McBunz, I guess I won't even try to confuse you with any of what's actually been said. The frustration of trying to "confuse" a person with the actual facts has run its course for me on the subject to which you are (inaccurately) referring.

Rebel, there is an ongoing discussion about political discussions on LB. I think some of the of members have tried to discuss actual politics, vs. the allowance of political threads on LB, but I've not personally had much interest in those parts of their posts


----------



## Jill (Feb 19, 2011)

Mary Lou - LB said:


> I looked at the stats of this forum and when facebook took off in popularity, it was clear the forums here started to slow down.. I am also not a fan of facebook because I do not have much time to play on it.. The LB web site and Forums were integrated into Facebook for business reasons and getting new people interested into Miniature Horses..



Oh see, I'd have clicked the LIKE botton for your post there, ML (teasing you a bit)






I don't know how other members like to use their FB accounts, but one "handy" thing people can do if they like is share a thread from LB over to their FB pages. I've done that with a few, and I'm sure as time goes on, will do so again. I thought it would be a good way to maybe remind people who used to spend more time here that it's still a great place to be an active part of!


----------



## wildhorses (Feb 19, 2011)

This is exactly the reason many people don't post anymore...this topic has gone off course again.
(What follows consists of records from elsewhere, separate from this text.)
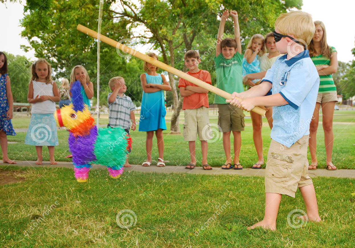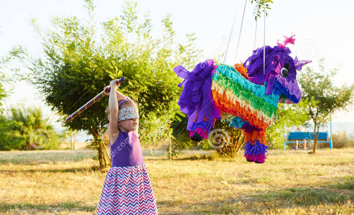 Pinata 터뜨리기_눈을 가리고 곤봉으로 내리치는게 원래 룰이라고.. Dreamstime.com에서 가져옴
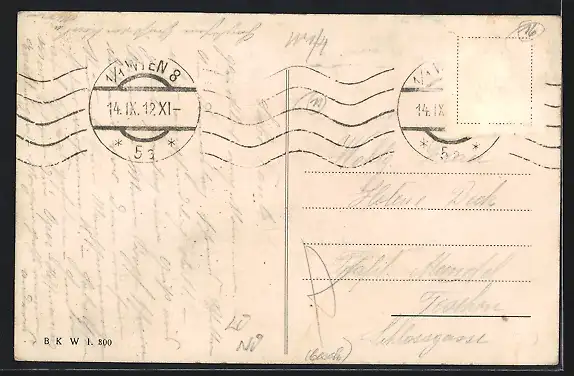 alte Ansichtskarte, gelaufen 1912, Briefmarke entfernt, rückseitig Oberflächenschaden, guter Zustand
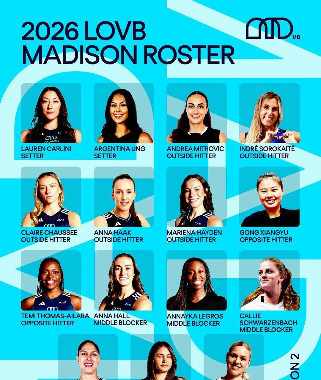 随着龚翔宇加盟消息的公布,LOVB联赛2026赛季各队的最新阵容也浮出水面。新赛季共有20名新援加盟联赛,除了龚翔宇之外,还有两届奥运选手、巴西女排的卡罗尔和荷兰女排的安妮·布伊吉斯加盟LOVB内布拉斯加队。加拿大女排也有四名国手登陆LOVB联赛,其中安德莉娅·米特罗维奇与龚翔宇一同加盟了LOVB麦迪逊队。此外,多名美国大学排坛新秀结束海外生涯回归加盟,为联赛注入了新鲜血液。

The original topic started with a simple question if you are visiting LB less than you used to and other places more...and here we are on page 15 with a political debate going on between 2 or 3 forum members. GO START YOUR OWN POST ON THE SUBJECT AND STOP RAILROADING THE ORIGINAL TOPIC...PLEASE.

I hope some good comes of this topic, and some positive changes are made to the LB website, to make it more user friendly as suggested. I hope the Politics issue is reconsidered and banned again. I want the back porch to be about about light topics and fun topics, "look at my new puppy", "my daughters getting married today", "anybody have a good chocolate cake recipe", "Who do you like on American Idol", stc. There are plenty of other places on the World Wide Web for people to go discuss politics, it doesn't need to be done here on a Miniature Horse forum, unless there is politics involving Horses, The future of horse breeders, the future of equine dentists, etc., issues that affect us directly as horse breeders/owners. I have CNN, I come to the forum to get a break from the world, especially the "Back Porch". That's my opinion. It looks like Mary Lou is taking the steps to get the changes made, and I am excited to see them. Thank you for doing that.


----------



## McBunz (Feb 19, 2011)

wildhorses said:


> This is exactly the reason many people don't post anymore...this topic has gone off course again. The original topic started with a simple question if you are visiting LB less than you used to and other places more...and here we are on page 15 with a political debate going on between 2 or 3 forum members. GO START YOUR OWN POST ON THE SUBJECT AND STOP RAILROADING THE ORIGINAL TOPIC...PLEASE.
> 
> I hope some good comes of this topic, and some positive changes are made to the LB website, to make it more user friendly as suggested. I hope the Politics issue is reconsidered and banned again. I want the back porch to be about about light topics and fun topics, "look at my new puppy", "my daughters getting married today", "anybody have a good chocolate cake recipe", "Who do you like on American Idol", stc. There are plenty of other places on the World Wide Web for people to go discuss politics, it doesn't need to be done here on a Miniature Horse forum, unless there is politics involving Horses, The future of horse breeders, the future of equine dentists, etc., issues that affect us directly as horse breeders/owners. I have CNN, I come to the forum to get a break from the world, especially the "Back Porch". That's my opinion. It looks like Mary Lou is taking the steps to get the changes made, and I am excited to see them. Thank you for doing that.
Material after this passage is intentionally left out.